▶ Description of the task
Starting at the first line of the listing below, repeat each line up to and including the one containing "PRO LOCO SENAGO con". Leave out pictures.

▶ Data block
════════════════
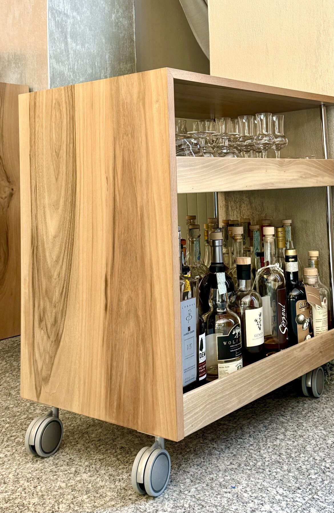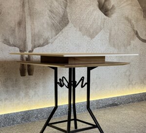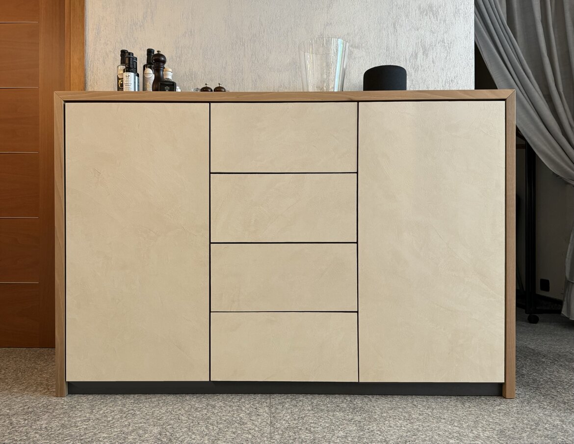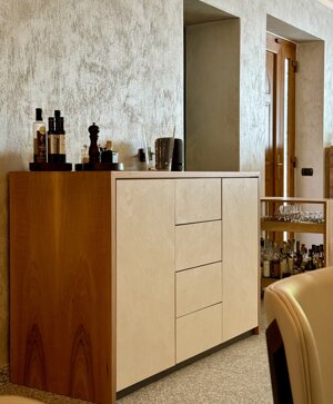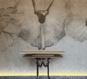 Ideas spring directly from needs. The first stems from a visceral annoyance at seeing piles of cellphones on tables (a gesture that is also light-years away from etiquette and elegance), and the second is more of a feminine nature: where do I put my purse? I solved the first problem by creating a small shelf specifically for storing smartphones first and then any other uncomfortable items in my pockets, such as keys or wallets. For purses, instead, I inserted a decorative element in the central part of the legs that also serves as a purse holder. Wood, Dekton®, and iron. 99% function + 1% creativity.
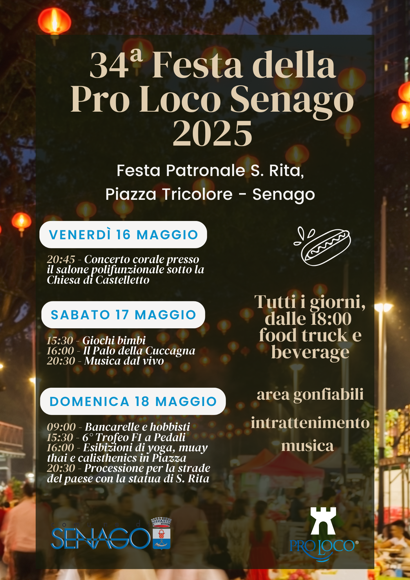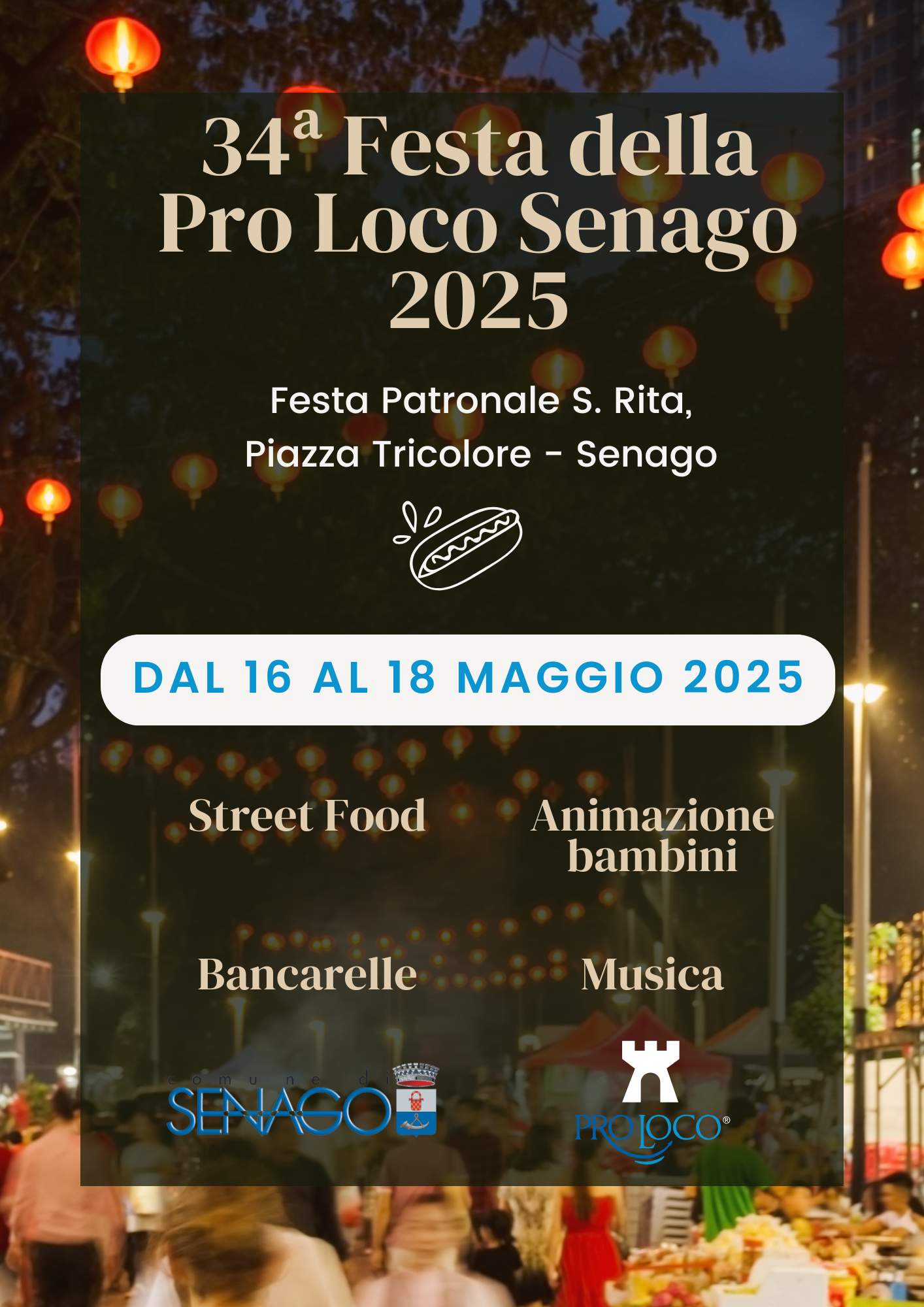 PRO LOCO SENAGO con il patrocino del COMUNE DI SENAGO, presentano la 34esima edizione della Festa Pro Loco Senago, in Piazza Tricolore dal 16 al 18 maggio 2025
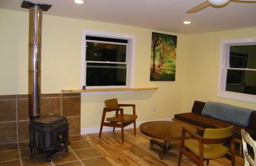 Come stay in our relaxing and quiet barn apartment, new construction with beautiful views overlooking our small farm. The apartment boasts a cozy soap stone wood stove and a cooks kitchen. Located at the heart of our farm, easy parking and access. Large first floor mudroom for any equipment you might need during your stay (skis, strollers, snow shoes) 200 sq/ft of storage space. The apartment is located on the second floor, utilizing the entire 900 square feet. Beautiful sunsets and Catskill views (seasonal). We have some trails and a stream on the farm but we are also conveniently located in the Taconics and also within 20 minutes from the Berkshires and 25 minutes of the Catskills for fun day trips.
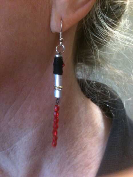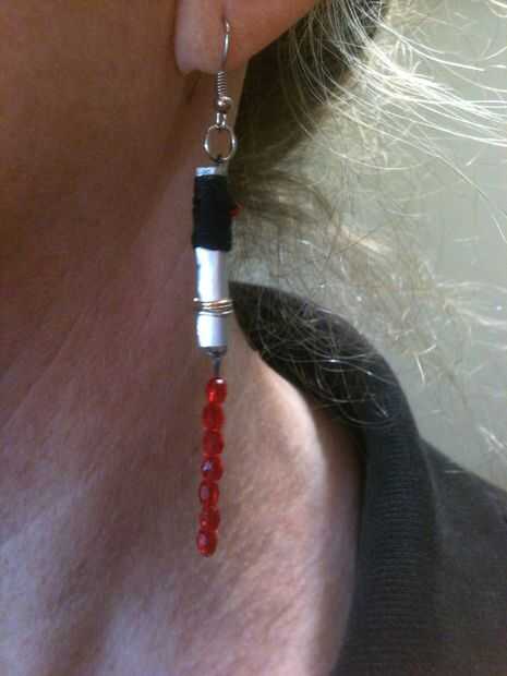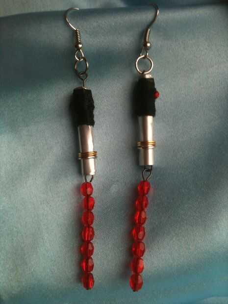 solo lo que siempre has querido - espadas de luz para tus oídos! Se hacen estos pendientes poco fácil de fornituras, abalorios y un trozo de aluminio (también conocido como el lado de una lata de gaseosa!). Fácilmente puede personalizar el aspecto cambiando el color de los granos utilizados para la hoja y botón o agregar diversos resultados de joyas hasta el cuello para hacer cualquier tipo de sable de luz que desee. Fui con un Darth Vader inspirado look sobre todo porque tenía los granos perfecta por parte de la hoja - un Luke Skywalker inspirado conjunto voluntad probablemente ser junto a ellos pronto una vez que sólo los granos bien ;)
════════════════
▶ Expected answer
 Ideas spring directly from needs. The first stems from a visceral annoyance at seeing piles of cellphones on tables (a gesture that is also light-years away from etiquette and elegance), and the second is more of a feminine nature: where do I put my purse? I solved the first problem by creating a small shelf specifically for storing smartphones first and then any other uncomfortable items in my pockets, such as keys or wallets. For purses, instead, I inserted a decorative element in the central part of the legs that also serves as a purse holder. Wood, Dekton®, and iron. 99% function + 1% creativity.
 PRO LOCO SENAGO con il patrocino del COMUNE DI SENAGO, presentano la 34esima edizione della Festa Pro Loco Senago, in Piazza Tricolore dal 16 al 18 maggio 2025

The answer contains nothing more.